My hours are better, I enjoy the perspective from which I look at deals much more. My work is much more diversified, and I've learned a ton. Now, 2 years after leaving my last job, after a pay raise and a promotion, I'm back to what I was earning 4 years ago as a 2nd year analyst... ha... Whatever, I'm much happier now and that's hard to put a value on. If I wanted to go back into that world I could do it tomorrow.

As you said, the megafunds aren't like that. I can think of 3-5 shops here in the US where I would have kept my pay or even earned more but I swam way upstream when I moved jobs and wouldn't have been able to land those megafunds. Now I probably could but I'm asking myself if I want to be unhappy working those insane hours again. It's really preference.

 

My opinion is that you should be thinking of earning potential down the road. Obviously, do what you love, because half the pay is worth it if you enjoy coming into the office vs hating it.

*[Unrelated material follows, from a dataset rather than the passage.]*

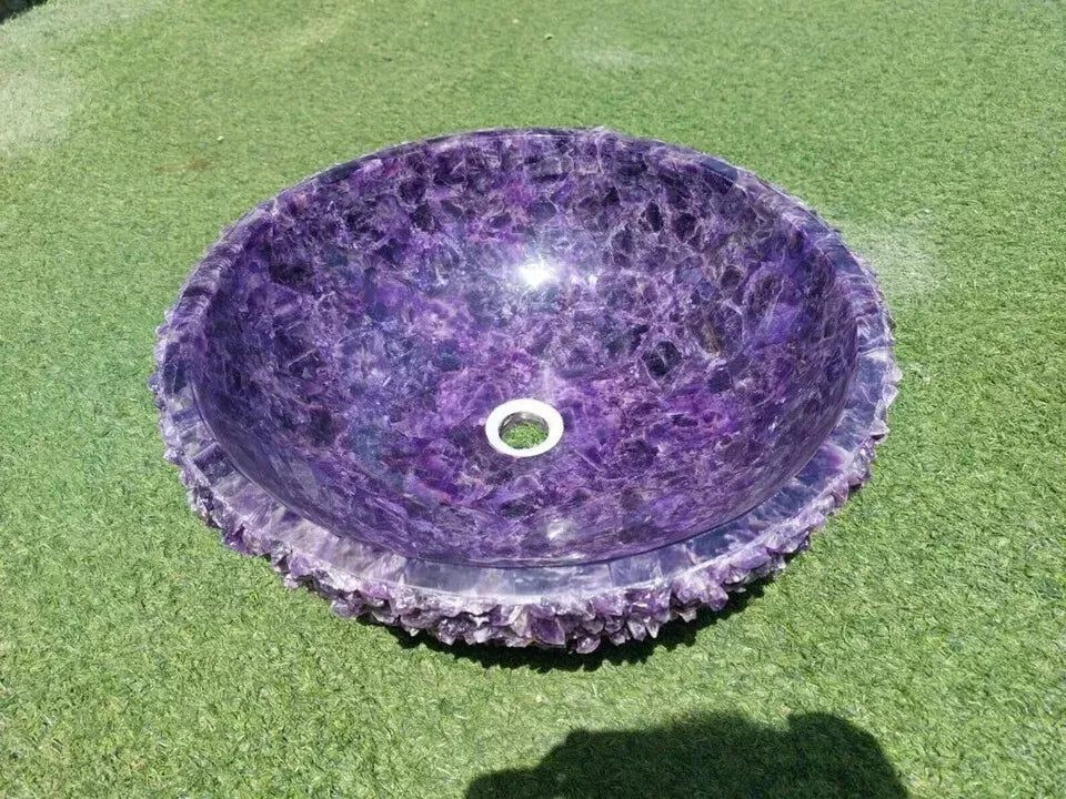 Infuse your space with elegance and healing energy with this handcrafted vessel sink made from genuine amethyst crystal. The rich purple hues and intricate crystal textures create a dramatic focal point, while the polished interior provides a smooth, functional finish. With its raw, jagged edge and shimmering natural beauty, this sink is a stunning addition to any luxury or spa-inspired bathroom.

My personal take is that there is room to make a lot more money in real estate than in finance. What's you plan in IBD? Spend the next 40 years there, end up making a few million a year as an MD, and sit in the same office every day watching the juniors come and go every couple years? If you move to REPE there is a very good chance that in ten years you're in a position to be a decision maker, with real equity in deals. Taking a few points in every deal your firm does is far, far more valuable than the 40k pay cut or even the salary differential down the road.

 

Yes, this is the way I looked at it. Plus it's much easier to do deals on the side in real estate. I mean, anyone can do them no matter what industry they work in, but when you do real estate all day long and have a large network in real estate, you can find better deals and have an easier time raising capital than if you don't...

My old boss probably made more off the deals he ran on the side while in the office than he did from his job.

 

This. It's so easy to fall into the trap of being short sighted and I know we all fall victim to it at one point. At the end of the day, the ability to either start your own shop or reap rewards from years of connections is a much easier model to replicate than one in IB or other insert high finance role here.